───── DATASET EXTRACT ─────

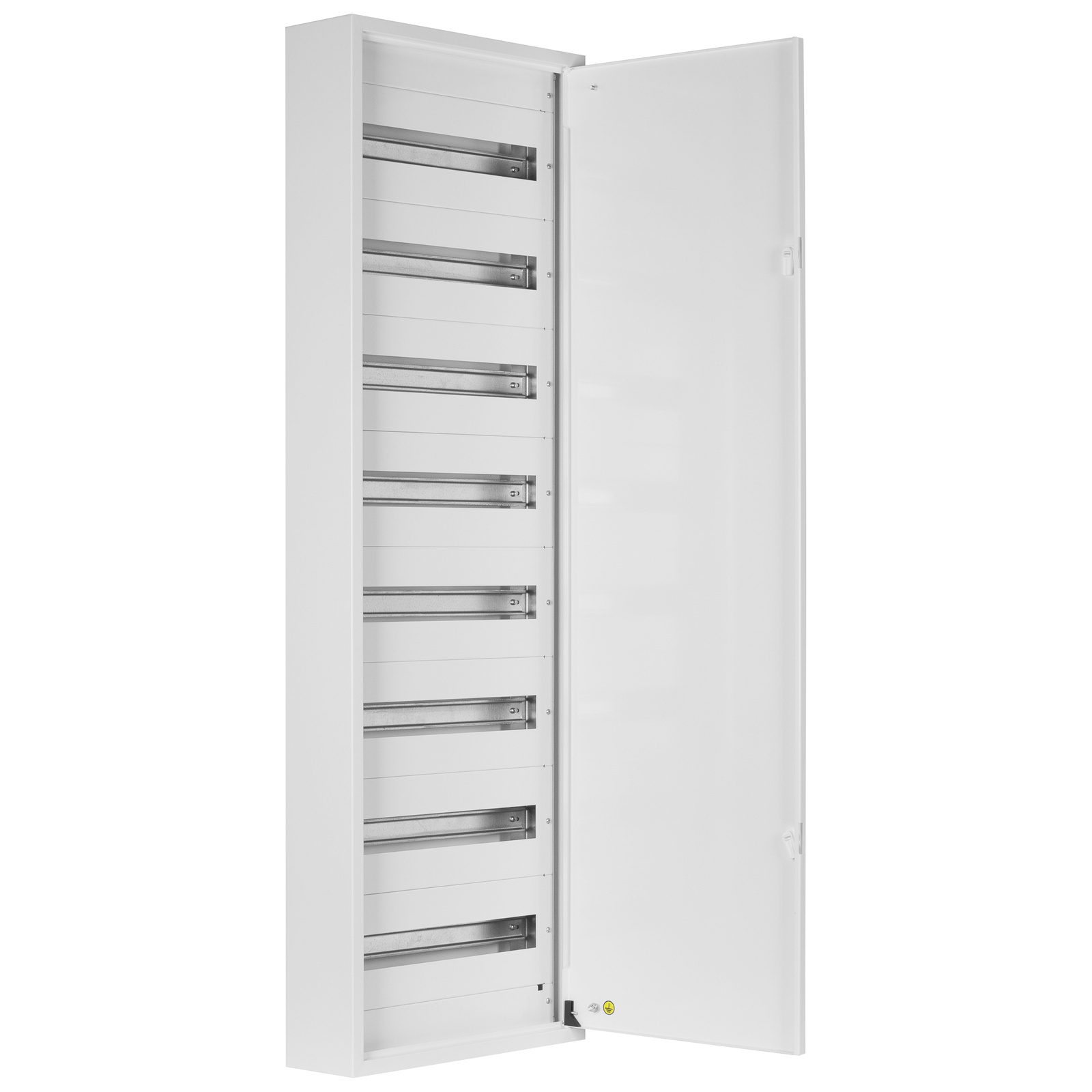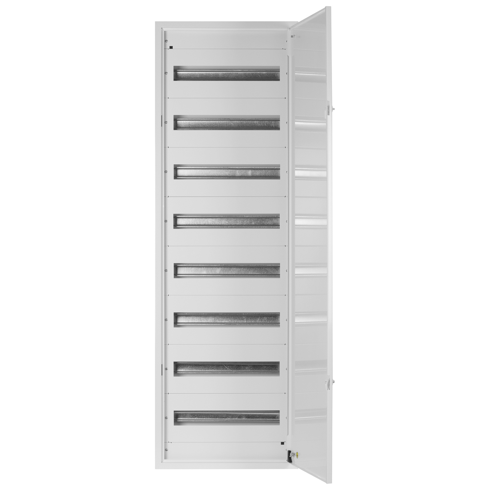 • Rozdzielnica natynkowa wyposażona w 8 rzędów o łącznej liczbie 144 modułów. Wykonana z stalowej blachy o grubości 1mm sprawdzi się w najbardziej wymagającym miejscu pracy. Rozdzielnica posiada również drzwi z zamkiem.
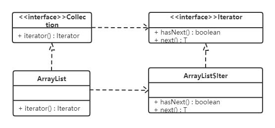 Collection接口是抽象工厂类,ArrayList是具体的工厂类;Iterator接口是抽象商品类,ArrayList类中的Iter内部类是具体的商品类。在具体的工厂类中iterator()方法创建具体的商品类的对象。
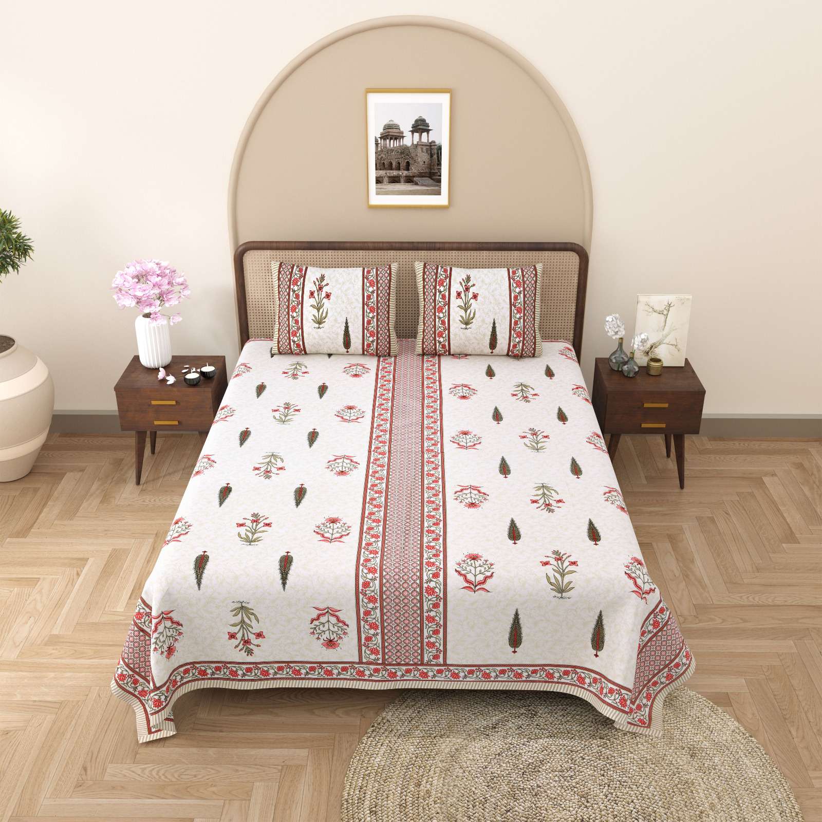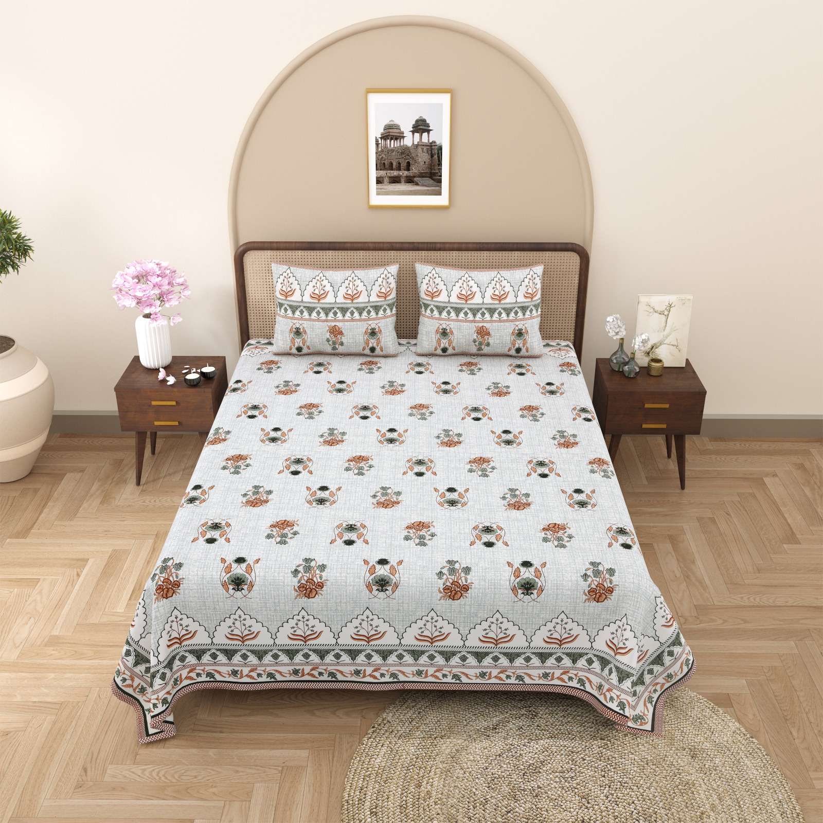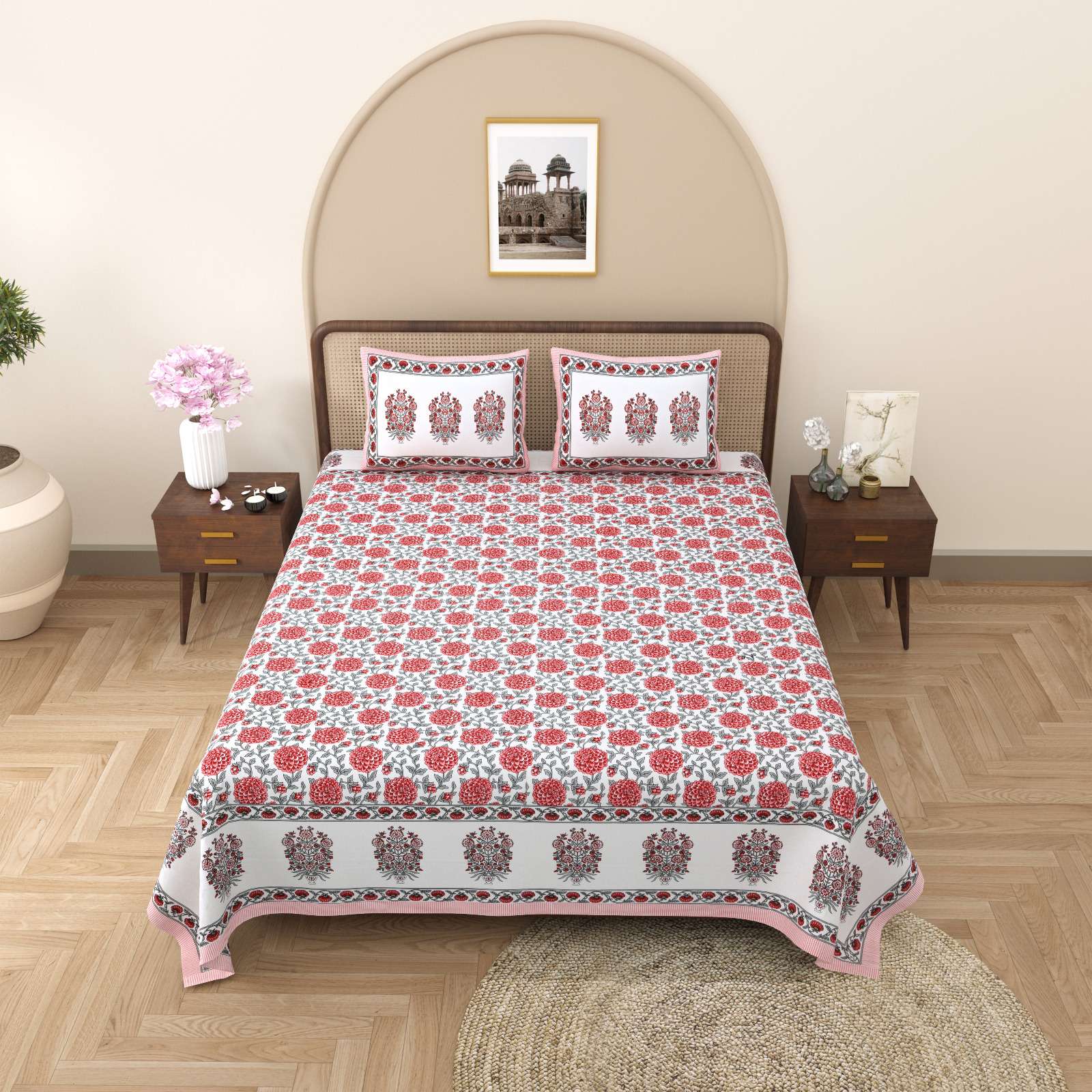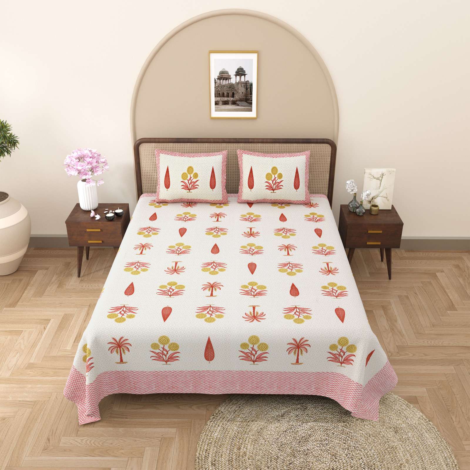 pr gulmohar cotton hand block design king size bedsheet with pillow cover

─────

### PROBLEM REQUIREMENTS
Nothing but an exact transcription of the material, without pictures, should be returned.

### RESPONSE BOX
 • Rozdzielnica natynkowa wyposażona w 8 rzędów o łącznej liczbie 144 modułów. Wykonana z stalowej blachy o grubości 1mm sprawdzi się w najbardziej wymagającym miejscu pracy. Rozdzielnica posiada również drzwi z zamkiem.
 Collection接口是抽象工厂类,ArrayList是具体的工厂类;Iterator接口是抽象商品类,ArrayList类中的Iter内部类是具体的商品类。在具体的工厂类中iterator()方法创建具体的商品类的对象。
 pr gulmohar cotton hand block design king size bedsheet with pillow cover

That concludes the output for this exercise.